Should be unintended, since the key length is only 6. I brute each 3 bytes and get the flag by guess it :p . Here is script i used to bruteforce the possible key and value

from itertools import permutations
import string

def check(hello):
	return all(c in string.printable for c in hello)

ct = [0x7d, 0x9c, 0x73, 0xb4, 0xc, 0x8e, 0x4e, 0x99, 0x71, 0xe0, 0xb, 0x9e, 0x63, 0xd8, 0x75, 0xef, 0x50, 0xa3, 0x20, 0xde, 0x42, 0xf4, 0x4d, 0x8c, 0x22, 0xdf, 0x42, 0xe1, 0x4d, 0x92, 0x30, 0x8c, 0x3c]
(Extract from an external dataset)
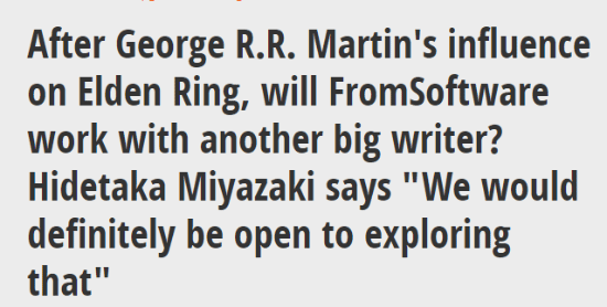 《艾尔登法环》因《权力的游戏》作者乔治·R·R·马丁对游戏背景和史诗故事的贡献而备受瞩目。近日,游戏制作人宫崎英高在接受GameSpot采访时表示,未来他“绝对愿意”和继续其他知名创作者合作。

list_poss = [i for i in range(256)]

for i in permutations(list_poss, 3):
	poss = []
	for j in range(0,len(ct)-5,6):
		tmp = bytes([(ct[j+3]^i[0])]) # tmp = bytes([(ct[j]^i[0])])
		tmp += bytes([ct[j+4]^i[1]]) # tmp += bytes([ct[j+1]^i[1]])
		tmp += bytes([ct[j+5]^i[2]]) # tmp += bytes([ct[j+2]^i[1]])
		try:
			tmp = tmp.decode()
			if(check(tmp)):
				poss.append(tmp)
		except Exception as e:
			break
	if(len(poss) == 5):
		print(i, poss)

Flag : l1n34r_4lg3bruhhh_1s_sup3r_fun!!!